Most Caribbean and Central American nations have now defied the Bush Administration’s wishes and signed on to Chávez’s regional energy cooperative, Petrocaribe. Started in 2006, Petrocaribe lets the basin’s fuel-starved countries buy Venezuelan oil at just 40% of the current skyrocketing market price and pay back the difference over 25 years at 1% interest. Few Caribbean nations, struggling to juggle food and energy prices, can refuse Chávez’s petro-diplomacy. His critics call it petro-bribery, using oil to broaden his fledgling anti-U.S. bloc in the hemisphere.

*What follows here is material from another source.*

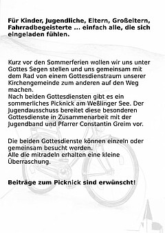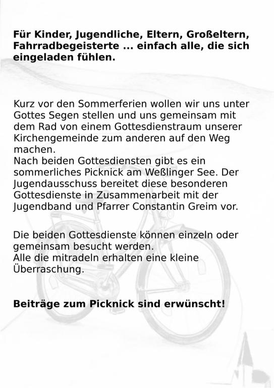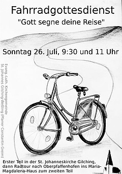 Am Sonntag, den 26. Juli, um 9.30 und 11 Uhr findet durch die Evang.-Luth. Kirchengemeinde St. Johannes Gilching-Weßling ein Fahrradgottesdienst statt.

But this month it won over Guatemala and Costa Rica to bring the number of Petrocaribe members to 19. And in U.S.-friendly countries that have so far balked at Chávez’s deal, such as Barbados, the governments have taken heat from voters. Costa Rican President Oscar Arias was narrowly elected in 2006 by promising to keep Chávez’s influence out of his Central American country. But last week, realizing that its oil expenditures have jumped 88% over the past year, he conceded that Costa Rica needed “to benefit sooner from this help.”
Even before Chávez came to power, the U.S.-Caribbean bond wasn’t all that warm, given the long history of unwelcome U.S. intervention in the form of coups, invasions and proxy warfare. Still, the 1999 handover of the Panama Canal to the Panamanians was seen as a magnanimous gesture, and the Bush Administration was able to ink a free-trade pact with Central America and the Dominican Republic. Colombia, meanwhile, has emerged as the U.S.’s staunchest ally in Latin America. But a century of imperious U.S. misconduct, and a decade of Bush Administration indifference toward Latin America, has left the Caribbean more willing to look elsewhere for allies — many of whom are at odds with Washington.
So how can the U.S. regain its stature in the Caribbean? For starters, it can stop looking shocked to find that countries with whom it recently signed free-trade agreements have also hooked up with Chávez. Free trade is usually a good thing — but not when it’s approached, as the Bush Administration does, as a development panacea that doesn’t address Third World exigencies like choosing between food and fuel. The U.S. and the U.N. have pledged a combined $117 million in food aid for starving Haiti this year, but to compete with Petrocaribe, the U.S. needs to move faster to help Caribbean Basin nations develop biofuels such as sugar ethanol, while more broadly engaging the region diplomatically with efforts to help curb its nightmarish violent crime and the rising sea levels that threaten to displace entire coastal populations. “It will be the U.S., not Russia, that has to absorb that massive environmental migration,” says Mendelson-Forman, who is scheduled to testify before Congress next week about Petrocaribe. “That should be enough to make us take the whole ‘third border’ concept more seriously.”
Back in Moscow, Russian President Dmitri Medvedev was ebullient on Tuesday after Chávez added to the more than $3 billion he’s spent on Russian weaponry in recent years. Chávez crowed about a “strategic partnership” with Russia to “guarantee the sovereignty of Venezuela, which the U.S. threatens.” Medvedev gushed that it was the “common task” of Russia and Venezuela “to achieve a more democratic, just and secure world.” All in all, it was a new Caribbean day in the Kremlin.